Julius didn’t use his hands. Teeth and lips and tongue, torturing and pleasuring at once, paying close attention to every scrap of skin that wasn’t Harry’s prick, until he was moaning without pause, hips jerking with the need for release, his stand glistening with its own moisture. Julius’s mouth was dry with the effort and rich with Harry’s taste, the salt of sweat, the musk between his legs.

He crawled up Harry’s body and sat, straddling his thighs, so that both cocks were gently jousting. Harry groaned with deep pleasure, eyes closed, and Julius encircled them both with a smooth, pale hand and began thrusting against him.
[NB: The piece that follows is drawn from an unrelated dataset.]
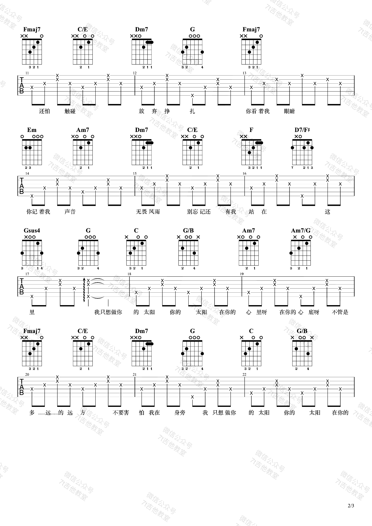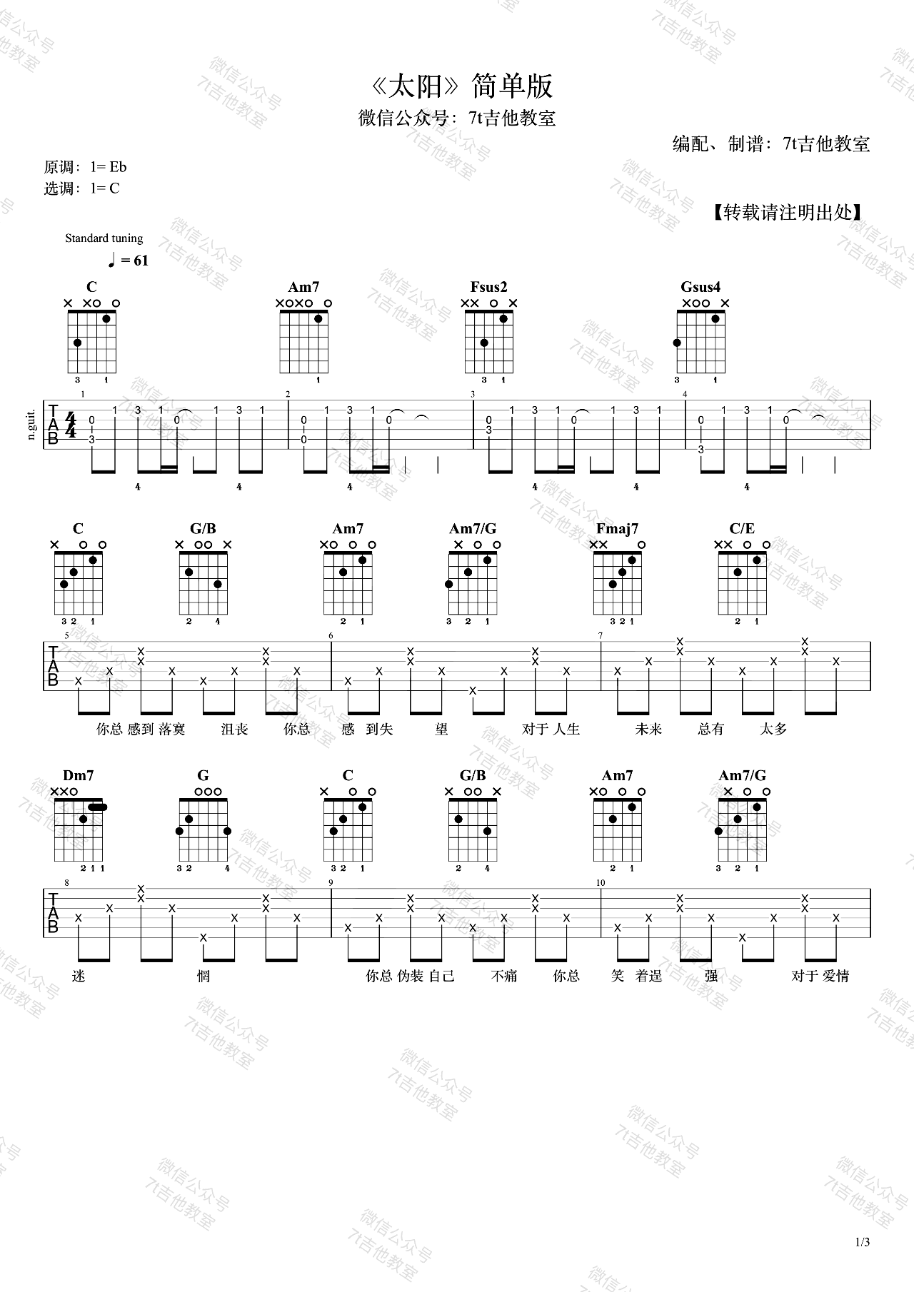 曲谱介绍: 邱振哲《太阳》吉他弹唱谱,采用C调指法编配,7t吉他教室编配出品,共有3张高清图谱。

“Oh God. I’m going to die.” Harry arched helplessly. “I love that. Love
you.

Julius bent over him, working them both together. Too far for a kiss, but that meant he could see all of Harry, his face flushed, long dark lashes fluttering, lips parted so invitingly and swollen where he’d bitten them. He looked so frankly, earthily fuckable, so lost to pure enjoyment of the flesh, without guilt or shame, and this, my God, this was what life was for, this was why he had not died with his twin at Waterloo, this was the
point
of it all—

Julius flung his head back so hard that his neck cracked and he cried aloud as he came. Harry writhed under him, gasping encouragement and need, and spasmed in his hand even as Julius’s spend spattered his chest.

Julius flopped forward over him, not giving a damn for the mess, and lay, breathing hard, in Harry’s embrace.
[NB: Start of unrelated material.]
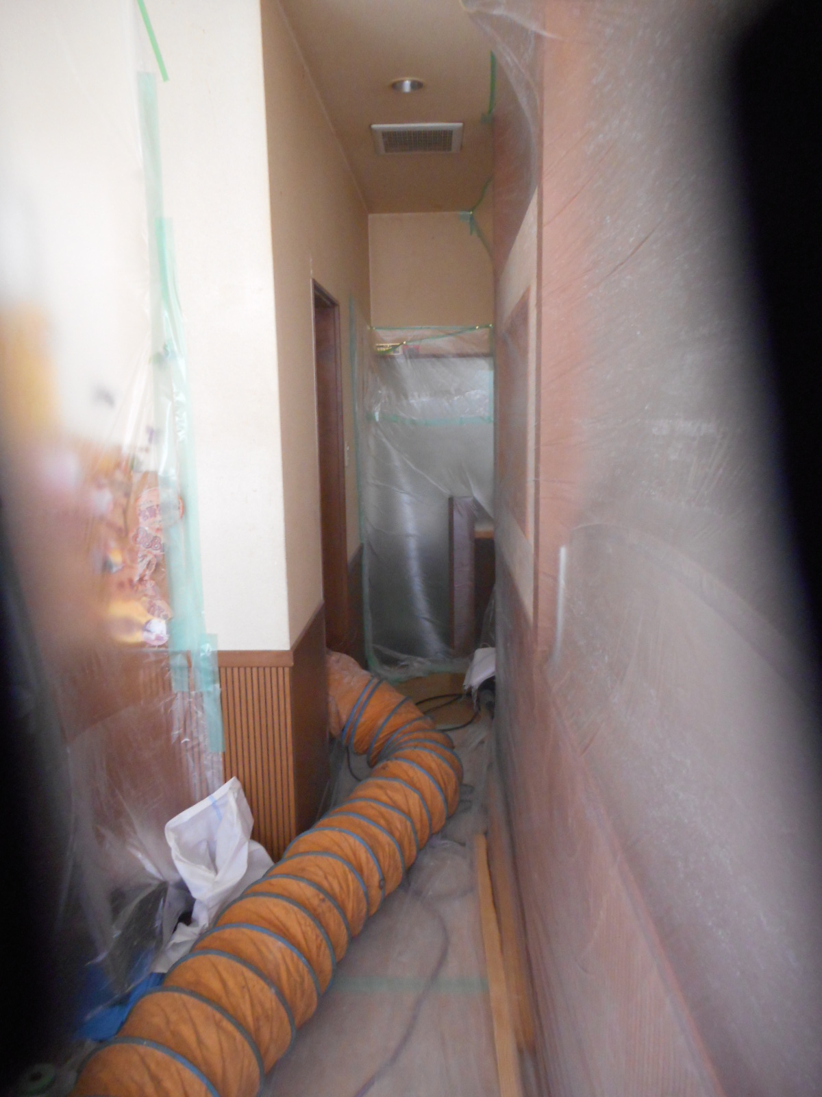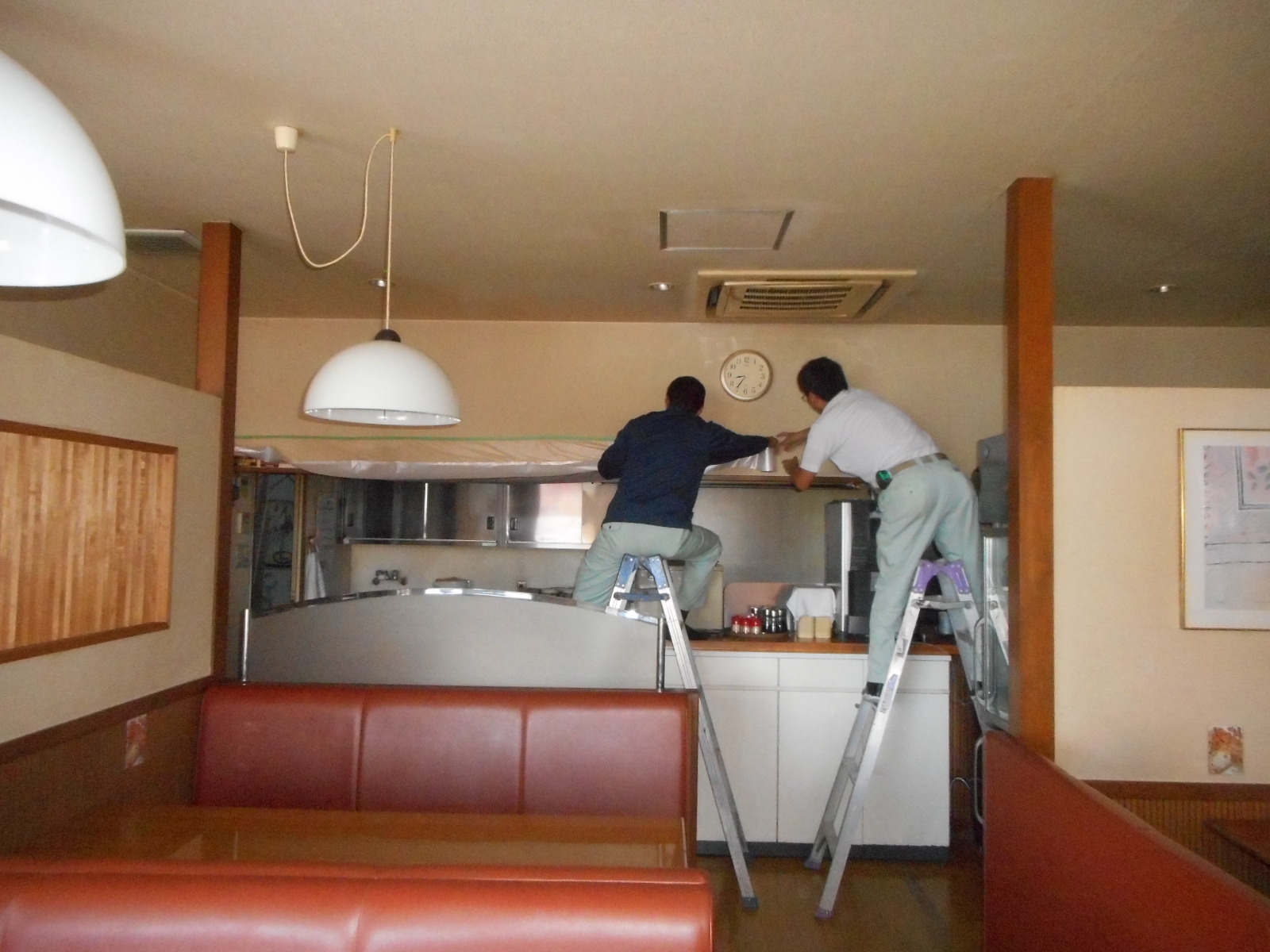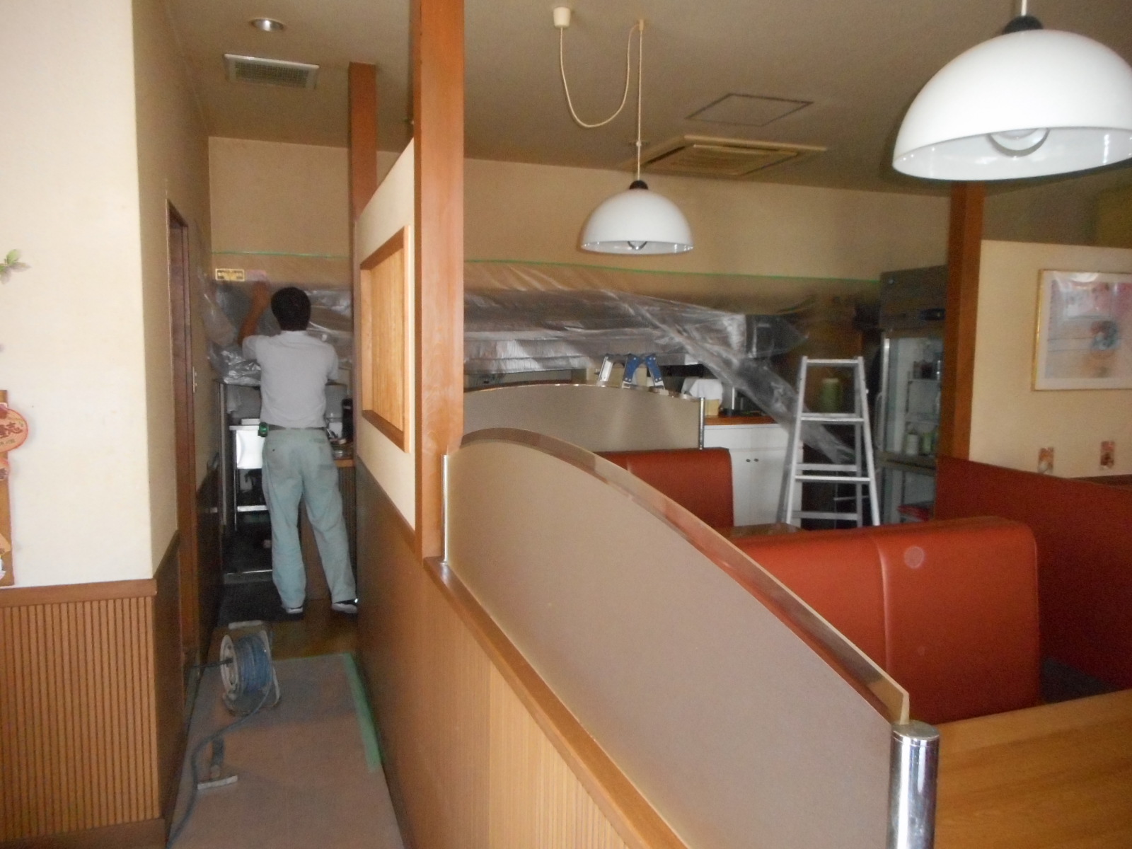 | 最初に、養生をします!! | 厨房にホコリ等が入らない様に、しっかり養生をします!! |

“I love you,” Julius observed at last. “To a degree that frankly startles me.”

“Good. And I honestly think, don’t you, that things might come right now? That all might be well?”

“Yes,” Julius said with satisfaction. “I think it very probably will.”

“I should dress for dinner,” Harry observed some time later. “Gideon would like that.”

“Silk knee breeches?”

“All of it, yes. I’ll need to go home to change. Good heavens, it’s past six.”

Julius rose, naked, to peer out of a chink in the curtain. “It’s damned foggy. Will you take a chair, or at least summon a link boy?”

“From here? Don’t be silly. Really, Julius, I survived six years in Ludgate, I think I can walk to Richard’s house.”

“Charkin—”

“This isn’t Leicester Square. There are watchmen, and lights.” That was true, and it really was no distance. Julius gave a nod of capitulation as Harry dressed. “I’ll be very well. Good-bye, Julius. I’ll see you tomorrow.”

“Good fortune, my dear.”

Julius kissed him good-bye, shut the door behind him, and contemplated his own evening. It was unattractively foggy outside, thick yellowish coils drifting by the window, carrying with them a bitter cold. His rooms were warm, his body pleasantly sated, he’d put on loose trousers and a banyan rather than bother to dress, and he simply couldn’t summon up the energy for society.

He could have a solitary evening with a book. He’d had very few of those since Harry had entered his life, and the prospect was deeply appealing. Dominic, whose taste in books had become surprisingly varied over the past months, had spoken of
Frankenstein; Or, The Modern Prometheus
with high praise, and Julius had a copy on his shelves. Perhaps a Gothic tale would be a suitable accompaniment to this dark and foggy night.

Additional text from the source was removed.